Tamara Mellon, Jimmy Choo co-founder
The luxury shoemaker's creative driving force's non-compete clause comes to an end in February, with scores of investors believed to be willing to back her to develop another global superbrand. However, Mellon is likely to launch from New York rather than the UK, having recently moved across the pond.
Moya Greene, Royal Mail chief executive
Having seen operating profit for the first six months of the financial year rise to £144m from £12m in 2011, Greene is en route to deliver a flotation of Royal Mail in the coming year. However, she will need to overcome furious unions and a choppy stock market.
Errol Damelin, Wonga founder and chief executive
The payday loan lender is looking at a partial flotation in the US, which could be launched off the $250m (£155m) acquisition of small business loans specialist On Deck Capital. Damelin is also likely to be quizzed in an Office of Fair Trading investigation into the short-term loan sector.
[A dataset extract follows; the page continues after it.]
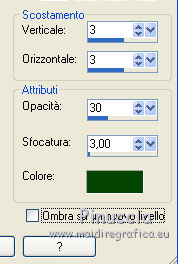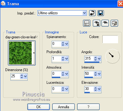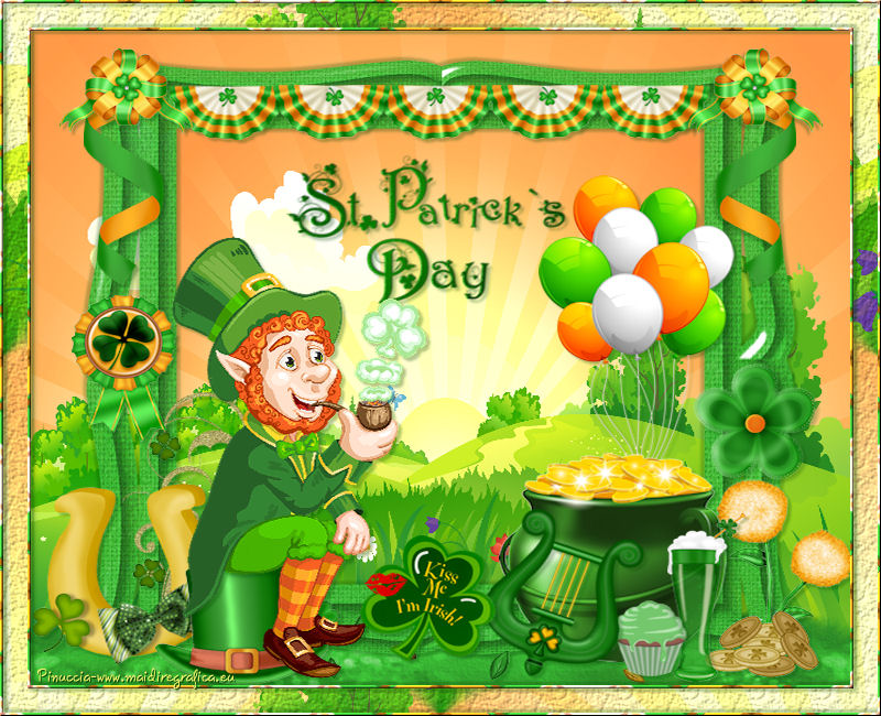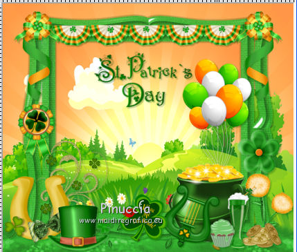 qui puoi trovare qualche risposta ai tuoi dubbi. Se l'argomento che ti interessa non è presente, ti prego di segnalarmelo. Questo tutorial è una creazione di ©Titoune e non può essere copiato su altri siti nè essere offerto per il download. Lo stesso vale per la mia traduzione. Il tutorial è stato creato con Corel18, ma può essere eseguito anche con le altre versioni di PSP. Secondo la versione utilizzata (anteriore a PSP X) potresti ottenere dei risultati differenti. Dalla versione X4, il comando Immagine>Rifletti è stato sostituito con Immagine>Capovolgi in orizzontale, e il comando Immagine>Capovolgi con Immagine>Capovolgi in verticale. Nelle versioni X5 e X6, le funzioni sono state migliorate rendendo disponibile il menu Oggetti. Con il nuovo X7 sono tornati i comandi Rifletti/Capovolgi, ma con nuove differenze. Vedi la scheda sull'argomento qui Per tradurre il tutorial ho usato PSP X. Occorrente: Un tube a scelta. Il resto del materiale qui Tube utilizzato "St_Patrick_Day_Transparent_Leprechaun_with_Pipe_PNG_Picture" de Yopriceville Filtri in caso di dubbi, ricorda di consultare la mia sezione filtri qui Simple - Top Left Mirror qui ![]() Metti la trama nella cartella Trame. 1. Apri una nuova immagine trasparente 750 x 600 pixels. Selezione>Seleziona tutto. 2. Apri l'immagine shutterstock_275083409 e vai a Modifica>Copia. Torna al tuo lavoro e vai a Modifica>Incolla nella selezione. Selezione>Deseleziona. 3. Apri l'elemento grass, e vai a Modifica>Copia. Torna al tuo lavoro e vai a Modifica>Incolla come nuovo livello. Posiziona come nell'esempio.![]() Livelli>Duplica. Immagine>Rifletti. 4. Apri l'elemento hpd_FL_El6 e vai a Modifica>Copia. Torna al tuo lavoro e vai a Modifica>Incolla come nuovo livello. Lascialo come sta. 5. Effetti>Effeti geometrici>Cilindro orizzontale. ![]() 6. Attiva lo strumento Bacchetta magica ![]() e clicca al centro della cornice per selezionarla. Selezione>Modifica>Espandi - 3 pixels. 7. Livelli>Nuovo livello raster. Livelli>Disponi>Sposta giù. Attiva nuovamente l'immagine hutterstock_275083409, e vai a Modifica>Copia. Torna al tuo lavoro e vai a Modifica>Incolla nella selezione. Selezione>Deseleziona. 8. Attiva nuovamente il livello della cornice. Effetti>Effetti 3D>Sfalsa ombra, colore #054503. ![]() Ripeti l'Effetto Sfalsa ombra, cambiando verticale e orizzontale con -3. 9. Apri l'elemento hpd_FL_El10 e vai a Modifica>Copia. Torna al tuo lavoro e vai a Modifica>Incolla come nuovo livello. Spostalo nella parte superiore della cornice.Vedi l'esempio finale. Effetti>Effetti 3D>Sfalsa ombra, colore #054503. ![]() 10. Activer l'élément hpd_FL_El41 e vai a Modifica>Copia. Torna al tuo lavoro e vai a Modifica>Incolla come nuovo livello. Spostalo nella parte superiore sinistra della cornice.Vedi l'esempio finale. Effetti>Effetti 3D>Sfalsa ombra, con i settaggi precedenti. Livelli>Duplica. Immagine>Rifletti. 11. Apri l'elemento hpd_FL_El11 e vai a Modifica>Copia. Torna al tuo lavoro e vai a Modifica>Incolla come nuovo livello. Spostalo nella parte superiore sinistra della cornice.Vedi l'esempio finale. Effetti>Effetti 3D>Sfalsa ombra, con i settaggi precedenti. Livelli>Duplica. Immagine>Rifletti. 12. Apri l'elemento St_Patricks_Day_Green_PNG_Clipart e vai a Modifica>Copia. Torna al tuo lavoro e vai a Modifica>Incolla come nuovo livello. Spostalo nel paesaggio.Vedi l'esempio finale. Effetti>Effetti 3D>Sfalsa ombra, con i settaggi precedenti. 13. Apri l'elemento hpd_FL_El32 e vai a Modifica>Copia. Torna al tuo lavoro e vai a Modifica>Incolla come nuovo livello. Spostalo nella parte destra della cornice.Vedi l'esempio finale. Effetti>Effetti 3D>Sfalsa ombra, con i settaggi precedenti. 14. Apri l'elemento hpd_FL_El45 e vai a Modifica>Copia. Torna al tuo lavoro e vai a Modifica>Incolla come nuovo livello. Spostalo nella parte inferiore della cornice.Vedi l'esempio finale. Effetti>Effetti 3D>Sfalsa ombra, con i settaggi precedenti. 15. Apri l'elemento hpd_FL_El37 e vai a Modifica>Copia. Torna al tuo lavoro e vai a Modifica>Incolla come nuovo livello. Spostalo nella parte inferiore destra della cornice.Vedi l'esempio finale. Effetti>Effetti 3D>Sfalsa ombra, con i settaggi precedenti. 16. Apri l'elemento hpd_FL_El29 e vai a Modifica>Copia. Torna al tuo lavoro e vai a Modifica>Incolla come nuovo livello. Spostalo nella parte inferiore destra della cornice.![]() Effetti>Effetti 3D>Sfalsa ombra, con i settaggi precedenti. 17. Apri l'elemento Green_Pot_of_Gold_PNG_Clipart_Image e vai a Modifica>Copia. Torna al tuo lavoro e vai a Modifica>Incolla come nuovo livello. Spostalo nella parte inferiore destra della cornice.Vedi l'esempio finale. Effetti>Effetti 3D>Sfalsa ombra, con i settaggi precedenti. 18. Apri l'elemento Irish_Balloons_Transparent_PNG_Image e vai a Modifica>Copia. Torna al tuo lavoro e vai a Modifica>Incolla come nuovo livello. Spostalo nella parte destra del paesaggio.Vedi l'esempio finale. Effetti>Effetti 3D>Sfalsa ombra, con i settaggi precedenti. Porta questo livello sotto il livello del calderone. 19. Attiva nuovamente il livello superiore. Apri l'elemento hpd_FL_El30 e vai a Modifica>Copia. Torna al tuo lavoro e vai a Modifica>Incolla come nuovo livello. Spostalo nella parte inferiore della cornice.Vedi l'esempio finale. Effetti>Effetti 3D>Sfalsa ombra, con i settaggi precedenti. 20. Apri l'elemento hpd_FL_El46 e vai a Modifica>Copia. Torna al tuo lavoro e vai a Modifica>Incolla come nuovo livello. Spostalo nella parte inferiore della cornice.Vedi l'esempio finale. Effetti>Effetti 3D>Sfalsa ombra, con i settaggi precedenti. 21. Apri l'elemento St_Patricks_Day_Green_Harp_PNG_Clipart e vai a Modifica>Copia. Torna al tuo lavoro e vai a Modifica>Incolla come nuovo livello. Spostalo nella parte inferiore della cornice.Vedi l'esempio finale. Effetti>Effetti 3D>Sfalsa ombra, con i settaggi precedenti. Livelli>Duplica. Immagine>Rifletti. 22. Apri l'elemento Transparent_Small_Shamrock_Kiss_me_I_am_Irish_PNG_Picture e vai a Modifica>Copia. Torna al tuo l

Pat Regan, Aviva finance director
Having been in the spotlight at Aviva since the sudden departure of Andrew Moss in a shareholder row over pay in May and led a review to sort out the business, it was a surprise that Regan was overlooked to take the job on a long-term basis. Rivals watch with interest.
Marissa Mayer, Yahoo president and chief executive
Poached from Google over the summer, the youngest chief executive of a Fortune 500 company at 37 must now prove that she is worth her $117m (£72m) salary. The search engine has already started an overhaul under her watch, including an improved Mail home page and is now wooing advertisers.
Ian Hannam, Former JP Morgan Cazenove rainmaker
The SAS veteran left Caz this year after the Financial Services Authority (FSA) slapped him with a £450,000 market abuse fine. His City fight-back has already started and he is expected to be very vocal in challenging the fine over the next 12 months.
Judith McKenna, Asda chief operating officer
McKenna appears to be leading Asda's big technology drive, which has already included giving store managers iPads so they're not chained behind a computer. She is also rolling out a “click-and-collect” service so customers can buy food from home and pick it up at the stores.
Laura Wade-Gery, Marks & Spencer director of multichannel ecommerce
The high street giant's internet sales boss is one of the few possible internal candidates for the chief executive role should the man who hired her, Marc Bolland continue to oversee a slide in profit. Wade-Gery has been given the funds to turn M&S into a leading smartphone and tablet retailer.
Mick Davis, Outgoing Xstrata chief executive
Mick the Miner's stock is high having transformed Xstrata from a small ferrochrome and zinc business into a diversified mining group that is finalising a $56bn (£35bn) megamerger with copper-to-rice trader Glencore. Expect Davis's name to be linked with a number of FTSE 100 chief executive roles soon.